Ranch rodeo gets to ropin’

The Fallon Ranch Hand Rodeo runs today through Sunday at the Churchill County Fairgrounds and includes numerous events such as team branding and a working ranch dog (picture) competition.

The Fallon Ranch Hand Rodeo runs today through Sunday at the Churchill County Fairgrounds and includes numerous events such as team branding and a working ranch dog (picture) competition.

As the Churchill Country Fair starts in full swing, the Fallon Ranch Rodeo prepares to kick off its fifth annual rodeo.

The rodeo begins today with working stock dogs trials at 7 a.m. and then breaks until 5:30 p.m. with opening ceremonies at the Churchill County Fairgrounds.

Saturday’s rodeo begins at 8:30 a.m. and resumes at 6 p.m. Sunday, meanwhile, commences at 7 a.m. with Cowboy Church followed by the rodeo at 8 a.m. and awards at 1 p.m. Admission is $5 for ages 10 and older.

“There is a bunch of them throughout the state,” Richard Allegre said of the rodeo’s origins. “There wasn’t one in Fallon. I thought I could do this. We’ve got buckles, saddle blankets and ropes for prizes. The money is paid back to the teams.”

Saturday’s rodeo, meanwhile, features a tribute to the late Justin Edgemon, who died in March. Allegre said Edgemon’s widow, Janell Edgemon, will escort a horse with an empty saddle around the arena in honor of her late husband.

“He had a team every since it started (in 2010),” Allegre said of Justin Edgemon. “So we are going to do a tribute to him.”

The three-day event is not like a traditional rodeo.

The ranch hand rodeo will feature numerous professional cowboys, but will also highlight ranch hands. The events, meanwhile, are catered to a ranch hand’s work experience.

Team events include team branding, doctoring, sorting, roping and tying. In addition, the women will take a crack at steer stopping in a jackpot format.

Branding features a four-man team and four animals to be roped and branded (it is actually paint) in the fastest time. Each team is divided into pairs and must “brand” where they are directed by the event organizers.

Doctoring consists of 30 head numbered in three sets from one to 10. A number is called and competitors drive one of the animals back into a pen, rope it and draw a triangle on the neck.

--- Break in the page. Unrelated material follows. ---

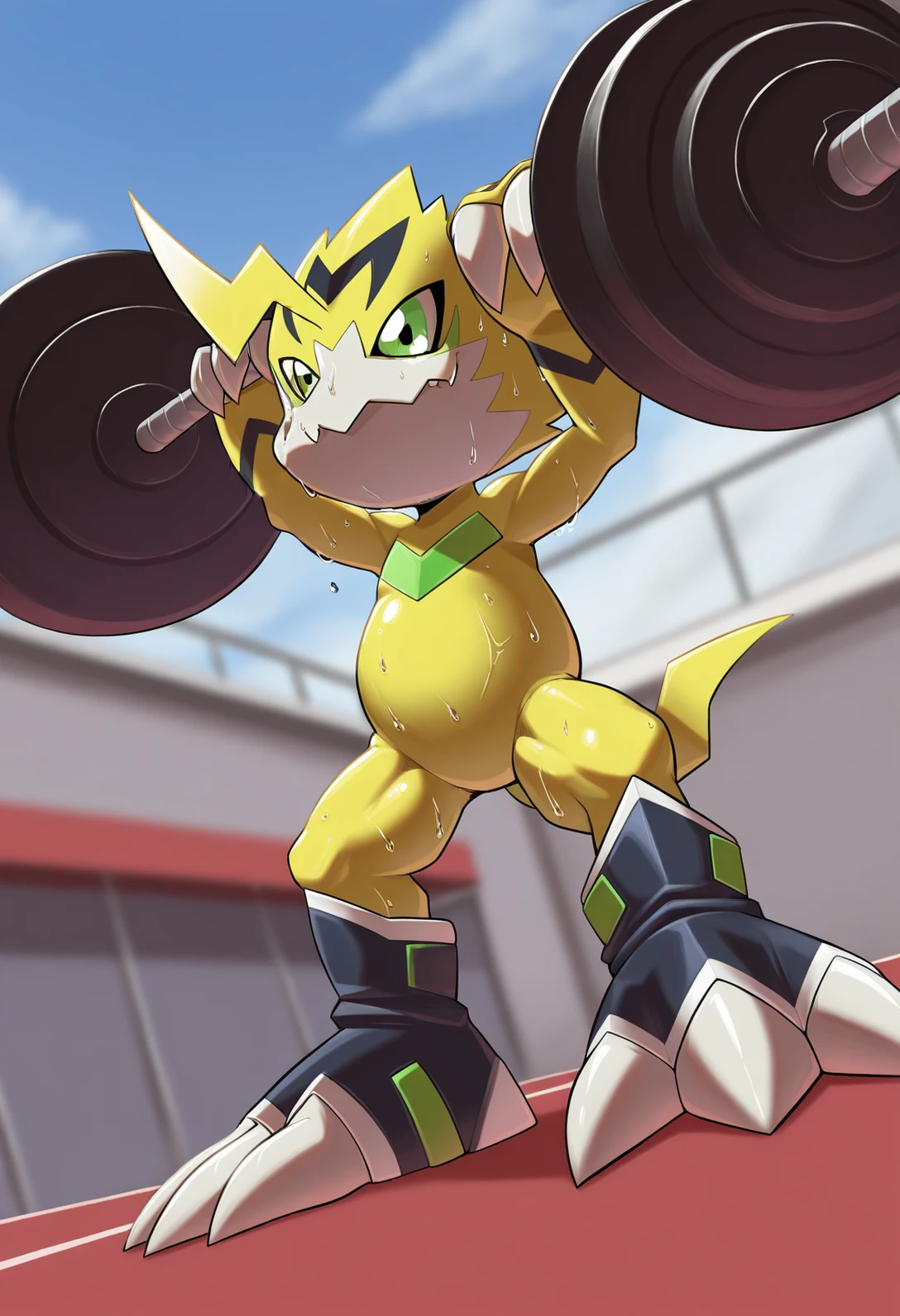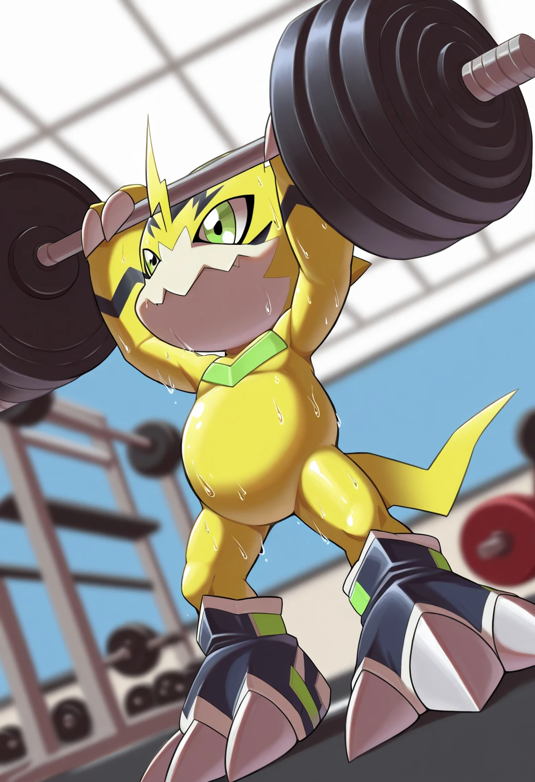 Bulkmon: digimon (creature), bu1km0n, yellow body, muscular

Allegre, though, said the sorting event is heavy with crowd participation. Cows are numbered from 1-15 with five blanks. When a number is called, they have to corall the number called plus the next three consecutive numbers.

“The crowd is looking for the numbers, too,” Allegre said.

Allegre’s rodeo, however, is going up against another ranch hand event in Gardnerville. The Gardnerville rodeo, he said, did not realize the Fallon event was on the same weekend.

Nevertheless, Allegre said numerous participants will compete in both rodeos.

For this year’s Fallon rodeo, Allegre said 17 teams have registered despite the conflict with the Minden Ranch Rodeo.

“They didn’t realize theirs was the same weekend as mine,” Allegre said. “I’ve been working with them to split our teams so they can rodeo here one day … and then go over there. We got like six teams who are going to do that.”

He said three teams hail from California, two from Lovelock with the most coming from Fallon.

“They are ranch hands, some are cowboys,” Allegre said. “They’re not all cowboys, but most have a ranching background.”

In addition to the rodeo events, the rodeo will feature a new event featuring working ranch dogs and a barrel race.

“Some of the events are what is done on a ranch,” Allegre said. “All these events are practical ranch events. It’s not like a regular rodeo, we don’t have any roughstock.”